Quickstart¶
Welcome to the Quickstart guide! Whether you’re a beginner or experienced developer, this guide helps you install the package, set up dependencies, and explore core functionalities.
Installation¶
Install from PyPI:
$ pip install soso
Metadata Conversion¶
To perform a conversion, specify the file path of the metadata and the desired conversion strategy. Each metadata standard corresponds to a specific strategy.
>>> from soso.main import convert
>>> r = convert(file='metadata.xml', strategy='EML')
>>> r
'{"@context": ["https://schema.org/", {"prov": "http://www. ..."}]'
For a list of available strategies, please refer to the documentation of the convert function.
Adding Unmappable Properties¶
Some SOSO properties may not be derived from metadata records alone. In such cases, additional information can be provided via kwargs, where keys match the top level property name, and values are the property value.
For example, the url property representing the landing page URL does not exist in an EML metadata record. But this information is known to the repository hosting the dataset.

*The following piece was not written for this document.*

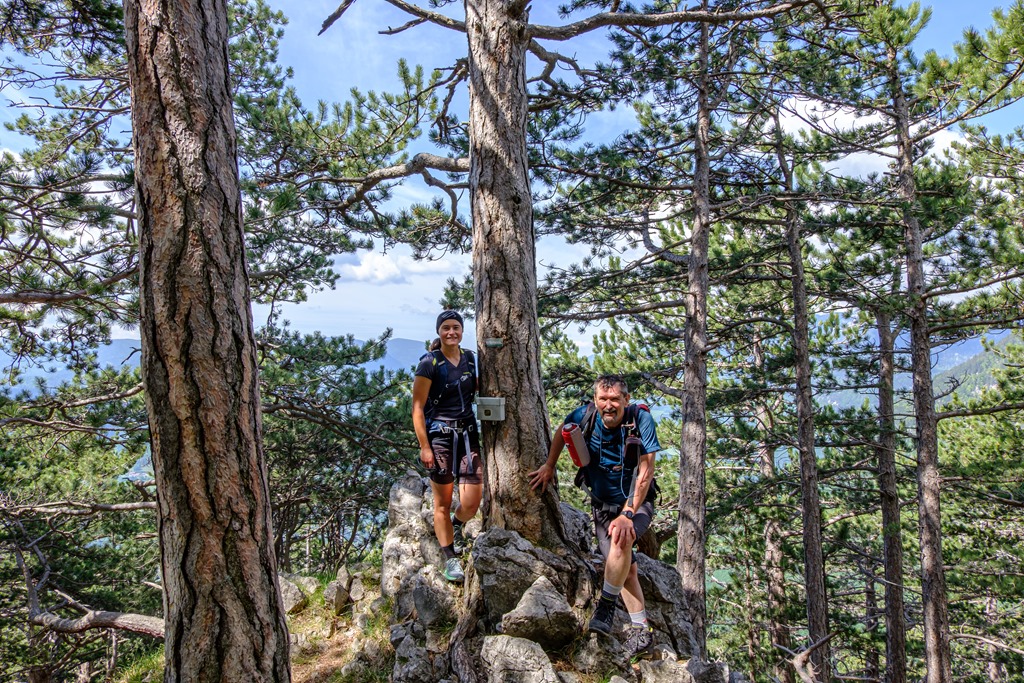 Nem sietünk, élvezzük a célunk elérte okozta örömöt. A hegy jóval meredekebb túloldalán szállunk alá. A túra harmadik része a Knofelbenen ér véget. A Naturfreundehütte jelzi a negyedik és egyben utolsó rész kezdetét. Folyamatos ereszkedés jön az Eng (keskenyet jelent) elnevezésű szurdokba. Valamikor régen, amikor még folyamatban volt a plató erdeinek a brutális kizsákmányolása, egy hosszú facsúsztató volt felépítve a szurdok alján. Korhadt maradványai még itt-ott most is elősejlenek.
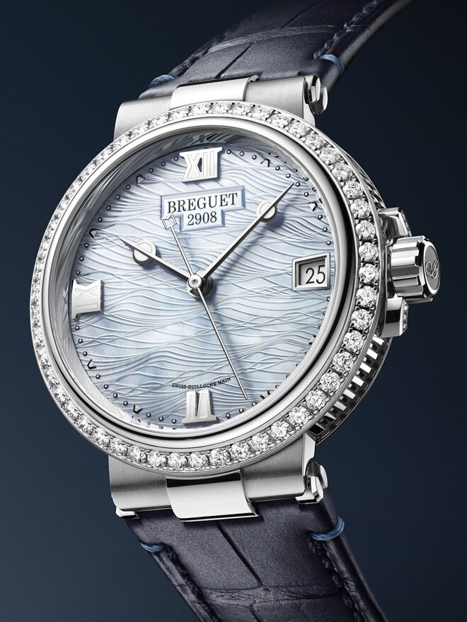 Der Stil der Zeitmesser ist entschieden modern und verbindet Eleganz mit Sportlichkeit. Jede einzelne Breguet Marine hat Seefahrerblut in den Adern, was sich beispielsweise im exquisiten Guilloche-Dekor in Form von Wellen auf den Zifferblättern einiger Modelle ausdrückt. Die Welle als stilisiertes Motiv schmückt auch die Kronen. Die neugestalteten Kannelüren in den Gehäuseflanken und die zentralen Bandanstöße verleihen der Breguet Marine einen zeitgemäßen dynamischen Stil.

>>> kwargs = {'url': 'https://sample-data-repository.org/dataset/472032'}
>>> r = convert(file='metadata.xml', strategy='EML', **kwargs)
>>> r
'{"@context": ["https://schema.org/", {"prov": "http://www. ..."}]'
It’s worth noting that this kwargs approach is not limited to supplying unmappable properties; it can be utilized to override any top-level SOSO property.
Unmappable properties are listed in the strategy documentation.
Other Modifications¶
Any additional modifications can be made to the resulting JSON-LD string before it is used. Simply parse the string into a Python dictionary, make the necessary changes, and then convert it back to a JSON-LD string.
Wrapping it All Up¶
The soso package is designed to be both flexible and extensible. By following the examples provided, you can customize the conversion process to meet your specific needs. Below is an example of a wrapper function that incorporates all the customization options.

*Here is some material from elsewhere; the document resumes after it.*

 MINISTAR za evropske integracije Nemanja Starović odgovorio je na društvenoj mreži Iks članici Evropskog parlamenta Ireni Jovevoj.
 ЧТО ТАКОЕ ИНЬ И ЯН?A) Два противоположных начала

from soso.main import convert
from soso.strategies.eml import EML
from soso.strategies.eml import get_encoding_format
from soso.utilities import delete_null_values
from soso.utilities import generate_citation_from_doi
def dataset(metadata_file: str, dataset_id: str, doi: str) -> str:
"""Wrapper function for the convert function that adds additional
properties
:param metadata_file: The path to the metadata file.

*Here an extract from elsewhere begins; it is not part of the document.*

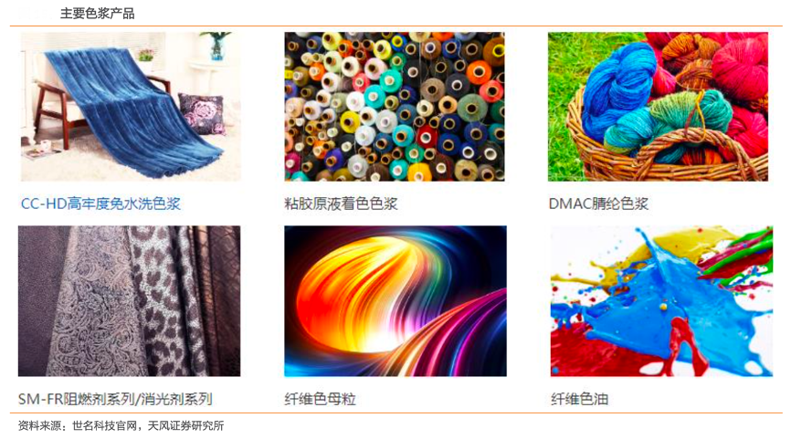 經(jīng)典案例:根據(jù)世名科技官網(wǎng)、天風(fēng)證券研究所等綜合資訊表明,2018年開(kāi)始,世名科技公司在持續(xù)優(yōu)化原有涂料類(lèi)、膠乳著色等產(chǎn)品技術(shù)的基礎(chǔ)上,逐步布局纖維 原液、紡織品綠色著色、特種添加劑等行業(yè)新產(chǎn)品。目前,纖維類(lèi)產(chǎn)品主要包含纖維原液 著色色漿、高性能母粒及功能性納米材料等產(chǎn)品,主要應(yīng)用于紡織纖維領(lǐng)域,基本實(shí)現(xiàn)了纖維原液著色技術(shù)及相關(guān)產(chǎn)品的全覆蓋。

:param dataset_id: The dataset identifier, assigned by the repository.
:param doi: The dataset's Digital Object Identifier."""
# Add properties that can't be derived from the EML record
url = "https://www.sample-data-repository.org/dataset/" + dataset_id
version = dataset_id.split(".")[1]
is_accessible_for_free = True
citation = generate_citation_from_doi(doi, style="apa", locale="en-US")
provider = {"@id": "https://www.sample-data-repository.org"}
publisher = {"@id": "https://www.sample-data-repository.org"}
# Call convert to process data with additional properties
additional_properties = {
"url": url,
"version": version,
"isAccessibleForFree": is_accessible_for_free,
"citation": citation,
"provider": provider,
"publisher": publisher
}
r = convert(
file=metadata_file,
strategy="EML",
**additional_properties
)
return r
Notes¶
Adding Vocabularies
The convert function only recognizes vocabularies that are specified within its implementation. You can view the source code for more details on these vocabularies. If you add additional vocabularies after conversion, ensure the @context remains valid JSON-LD.
Leverage Partial Property Method Implementations
Before creating functions for unmappable properties, check for partial implementations that you can build upon and that can save you time. For instance, the get_subject_of method in the EML strategy can provide most of what is needed to create subjectOf for an EML dataset.